All public and private facilities in Dubai to implement measures that include keeping health records and providing disabled-friendly access.
Dubai hospitals overhaul to tackle gaps in care
DUBAI // Regulations designed to standardise care across public and private hospitals for the first time in the emirate were revealed yesterday at the Middle East's largest healthcare exhibition and medical congress.
The procedures aim to close any gaps between the public and private sectors as part of efforts to improve standards across the board, Dubai Health Authority officials said.
The strategy was unveiled at the opening day of the Arab Health exhibition in Dubai and is two years in the making, said Dr Mohammed Oussama Kayali, head of the health regulation section of the DHA's health regulation department.

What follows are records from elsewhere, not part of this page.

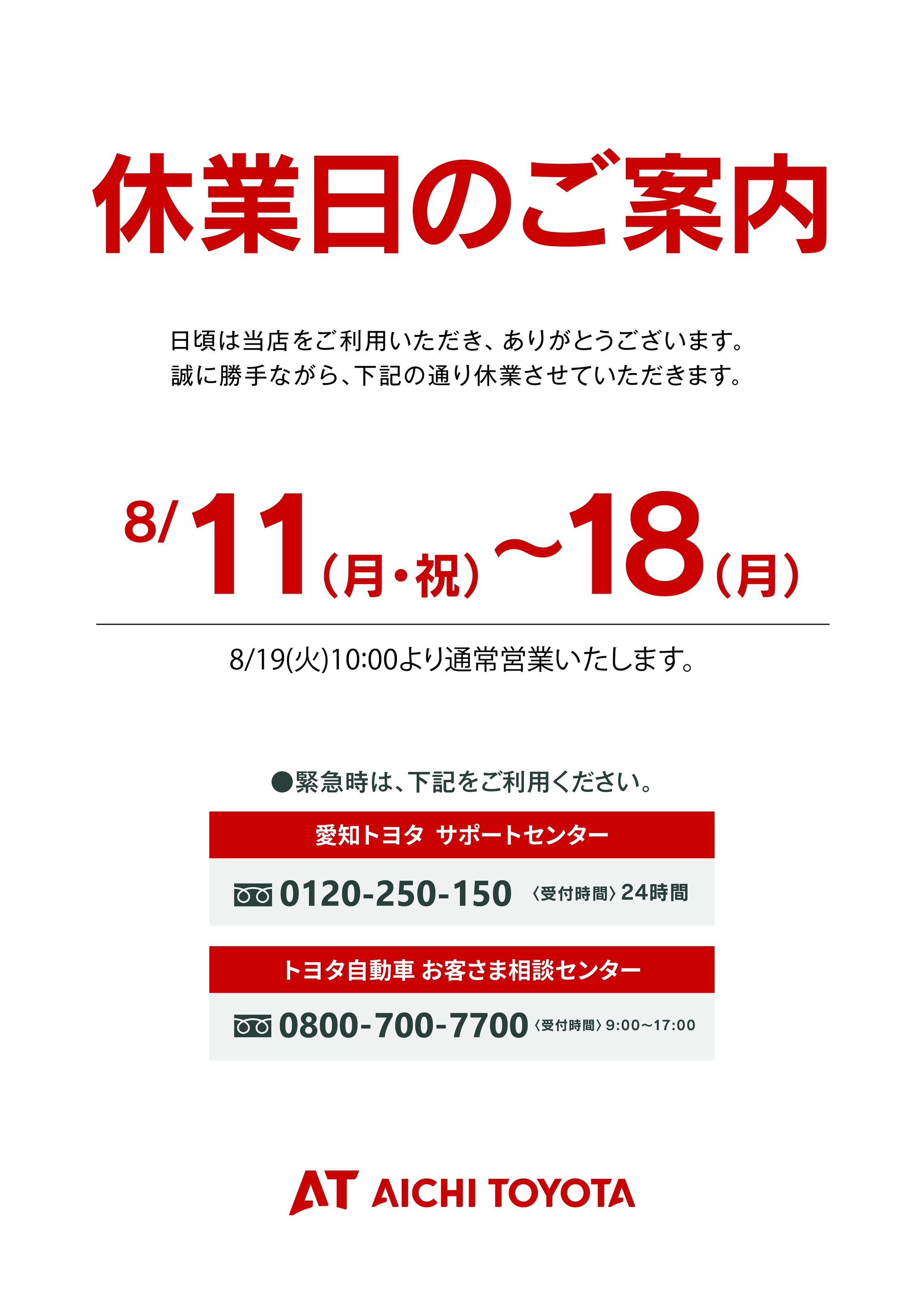 皆様にはご迷惑をおかけしますが休日のご案内と緊急連絡先のご案内をさせて頂きます。
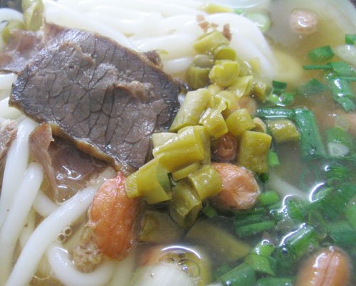 桂林米粉好正的,我好中意吃,以下就是了,有酸豆角啦,花生啦,猪肉条,冬菇片啦在上面配菜多样,米粉又爽口,汤又好喝,虽然对汤水不知道是不是味精汤,打包的时候是汤和米粉分开的,汤看上去就像开水一样清,但是米粉底部有酱油,可能是汤水到进入后酱油融化了,所以好好味道查看更多
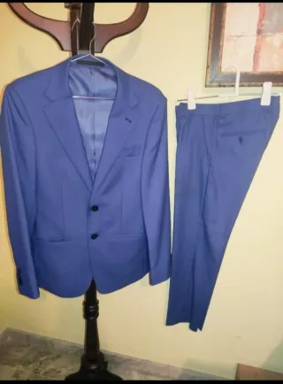Traje de dos piezas de la marca PURO EGO, talla 44/37. Solo una puesta, está COMO NUEVO. Precio original 122€. - Chaqueta con solapa de muesca. - Cierre de dos botones en la chaqueta. - Pantalón con trabillas para cinturón.
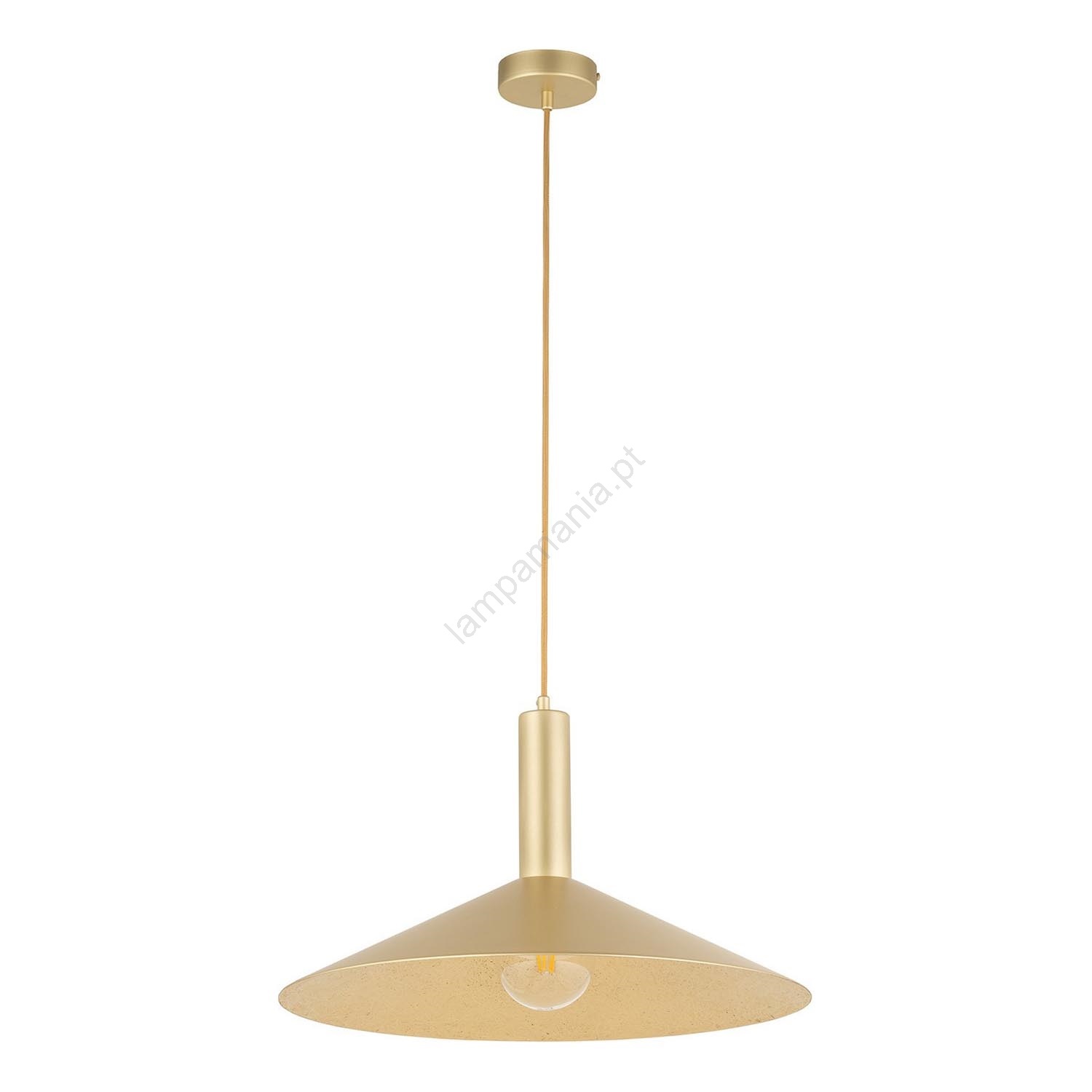 Candeeiro suspenso CAPRI 1xE27/15W/230V diâmetro 50 cm dourado caracteriza-se por um design agradável e funcional.  Uma lâmpada com casquilho E27 é adequada para a iluminação Aqui, pode comprar outras lâmpadas a preços vantajosos. Terá um complemento interessante para a sua casa.

The lack of standardised practices for the keeping of health records were part of "the reason there were many gaps, which we will try to improve to align with international accreditation standards", he said.
The policies, which are yet to be finalised, will focus on three areas: the design and construction of health facilities, health records, and dental protection to prevent infection. Design guidelines include the requirements that medical facilities must have adequate car parks and slip-resistant surfaces to stairs as well as being disabled-friendly.
"In 2007, we regulated the private sector. We developed standards that [filled] only one document, and they were for healthcare professionals and buildings. Later, DHA decided to regulate all government and private facilities, so we reviewed our regulations," Dr Kayali said.
All healthcare facilities in the emirate - expect for those belonging to Dubai Healthcare City Authority - will have to introduce the new measures. The grace period in which facilities must comply will not be announced for several more weeks, said Dr Kayali.
Some of the changes will affect the process by which hospitals get licensed, clinical standards, the way in which patients are treated and handled and the quality of diagnostic care, he said. The regulatory updates are for hospitals, day care surgical centres, outpatients, diagnostic imaging, clinical laboratories and home health care.
The shake-up will help facilities in the emirate move in line with global changes in health care, said Qadhi Saeed Al Murooshid, the director general of the DHA.
"Updating the regulatory policies and guidelines for all facilities in the emirate will ensure that facilities can cope with the present evolution in medicine," he said. "Moreover, it will ensure that we incorporate the rapid developments in medicine that have taken place across the world."
The DHA is now working with hospitals to make sure the new guidelines will be possible to implement before the process begins.
"The update is presently in the draft stages and is up for consultation so that we can receive any further feedback from the health sector," said Dr Ramadan Ibrahim, director of health regulation at the authority.
"The health sector has been closely involved from the beginning of the project and this is the last stage before we shortly announce the finalisation of these regulatory policies and guidelines."
Hospitals will also be audited as part of the authority's efforts to discover where gaps lie.
"We told them there will be a checklist based on these standards. This checklist will evaluate the facility and [reveal] the need for requirement of the regulations based on their deficiencies," said Dr Kayali.
Although the deadline period has yet to be announced, hospitals will have an adequate amount of time to make their changes, he added.